====== MATERIAL PROVIDED ======

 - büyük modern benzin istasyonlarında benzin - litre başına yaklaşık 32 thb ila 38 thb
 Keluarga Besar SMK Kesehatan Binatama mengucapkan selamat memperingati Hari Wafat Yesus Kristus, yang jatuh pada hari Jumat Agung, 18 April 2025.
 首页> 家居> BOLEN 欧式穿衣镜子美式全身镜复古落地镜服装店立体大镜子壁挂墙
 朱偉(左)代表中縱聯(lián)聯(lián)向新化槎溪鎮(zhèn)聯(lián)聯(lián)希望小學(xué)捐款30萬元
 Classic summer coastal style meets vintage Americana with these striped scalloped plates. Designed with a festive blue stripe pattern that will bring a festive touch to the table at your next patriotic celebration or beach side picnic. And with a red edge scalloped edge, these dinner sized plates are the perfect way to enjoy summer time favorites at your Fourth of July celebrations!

======
====== MATERIAL PROVIDED ======

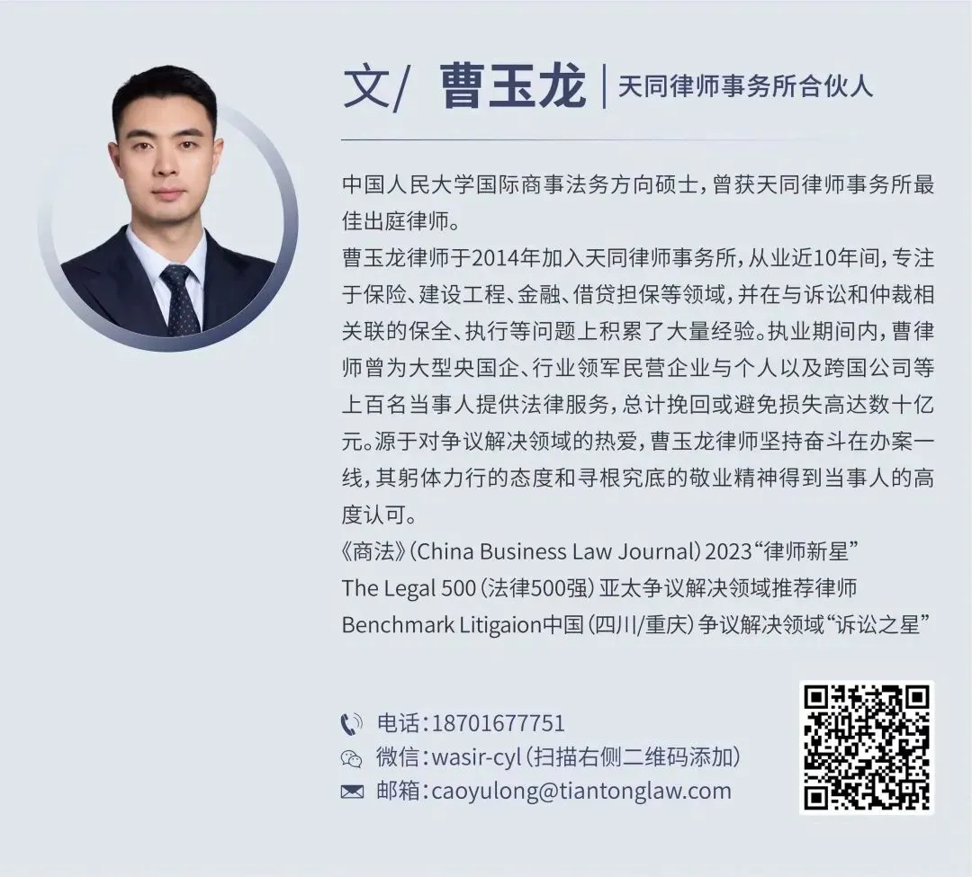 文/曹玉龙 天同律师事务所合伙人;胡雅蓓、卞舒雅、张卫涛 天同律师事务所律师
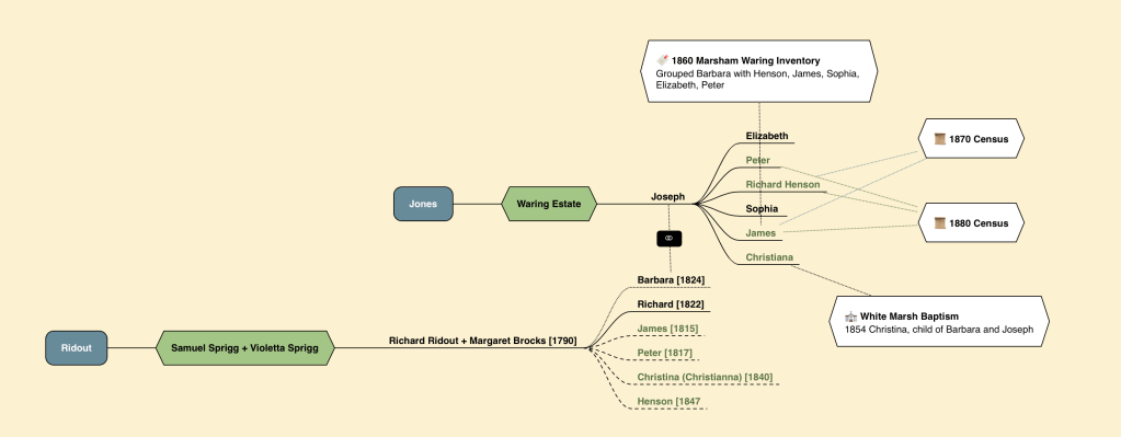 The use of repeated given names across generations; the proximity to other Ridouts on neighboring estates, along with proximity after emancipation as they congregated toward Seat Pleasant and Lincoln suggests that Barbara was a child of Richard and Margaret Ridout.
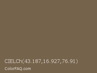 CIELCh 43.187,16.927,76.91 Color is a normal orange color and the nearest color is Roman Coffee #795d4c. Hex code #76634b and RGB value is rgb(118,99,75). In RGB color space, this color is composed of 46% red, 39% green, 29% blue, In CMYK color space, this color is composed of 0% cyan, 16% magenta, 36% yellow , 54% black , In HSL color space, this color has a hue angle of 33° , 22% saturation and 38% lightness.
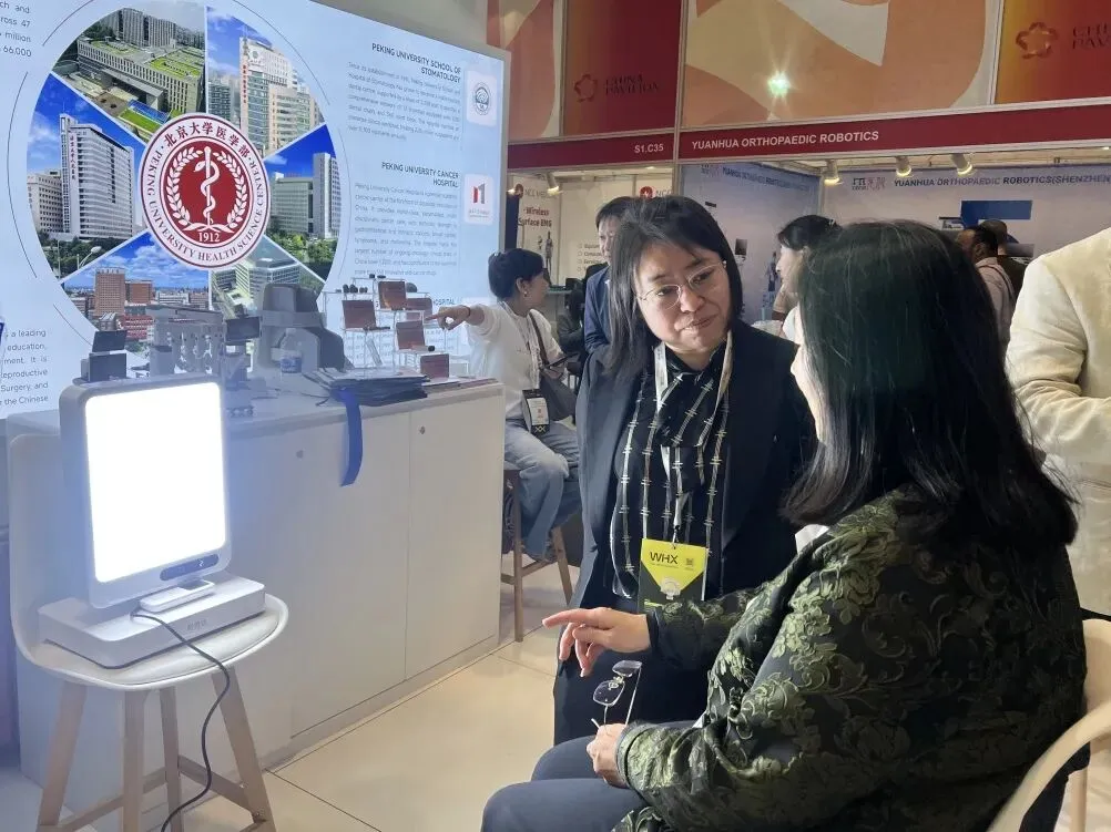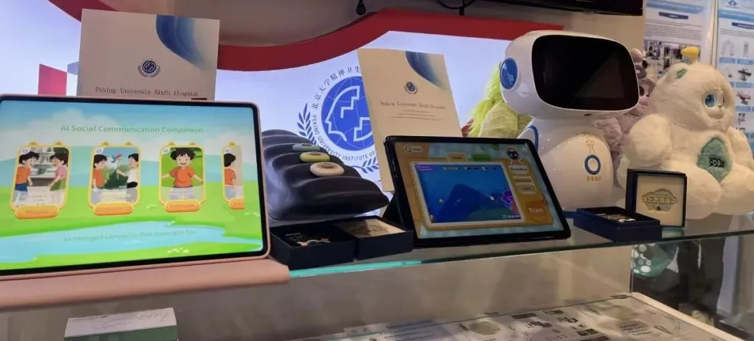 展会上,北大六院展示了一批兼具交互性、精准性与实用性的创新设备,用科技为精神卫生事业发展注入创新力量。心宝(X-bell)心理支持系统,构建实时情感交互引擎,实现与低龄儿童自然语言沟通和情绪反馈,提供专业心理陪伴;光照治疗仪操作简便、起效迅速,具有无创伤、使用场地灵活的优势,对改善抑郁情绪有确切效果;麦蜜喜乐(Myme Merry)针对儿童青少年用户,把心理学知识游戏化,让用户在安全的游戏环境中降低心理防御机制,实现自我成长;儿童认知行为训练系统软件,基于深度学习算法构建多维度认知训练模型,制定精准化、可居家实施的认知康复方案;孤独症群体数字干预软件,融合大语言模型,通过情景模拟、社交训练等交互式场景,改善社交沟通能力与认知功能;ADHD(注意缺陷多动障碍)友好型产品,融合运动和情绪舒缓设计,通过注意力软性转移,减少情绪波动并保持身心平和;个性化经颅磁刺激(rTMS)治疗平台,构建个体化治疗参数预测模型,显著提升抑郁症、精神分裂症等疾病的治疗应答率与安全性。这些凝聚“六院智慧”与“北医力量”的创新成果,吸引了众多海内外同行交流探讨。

======

Would you please copy, word for word, everything above from the line containing "- büyük modern" down to the line containing "Classic summer coastal", those two lines included?

 - büyük modern benzin istasyonlarında benzin - litre başına yaklaşık 32 thb ila 38 thb
 Keluarga Besar SMK Kesehatan Binatama mengucapkan selamat memperingati Hari Wafat Yesus Kristus, yang jatuh pada hari Jumat Agung, 18 April 2025.
 首页> 家居> BOLEN 欧式穿衣镜子美式全身镜复古落地镜服装店立体大镜子壁挂墙
 朱偉(左)代表中縱聯(lián)聯(lián)向新化槎溪鎮(zhèn)聯(lián)聯(lián)希望小學(xué)捐款30萬元
 Classic summer coastal style meets vintage Americana with these striped scalloped plates. Designed with a festive blue stripe pattern that will bring a festive touch to the table at your next patriotic celebration or beach side picnic. And with a red edge scalloped edge, these dinner sized plates are the perfect way to enjoy summer time favorites at your Fourth of July celebrations!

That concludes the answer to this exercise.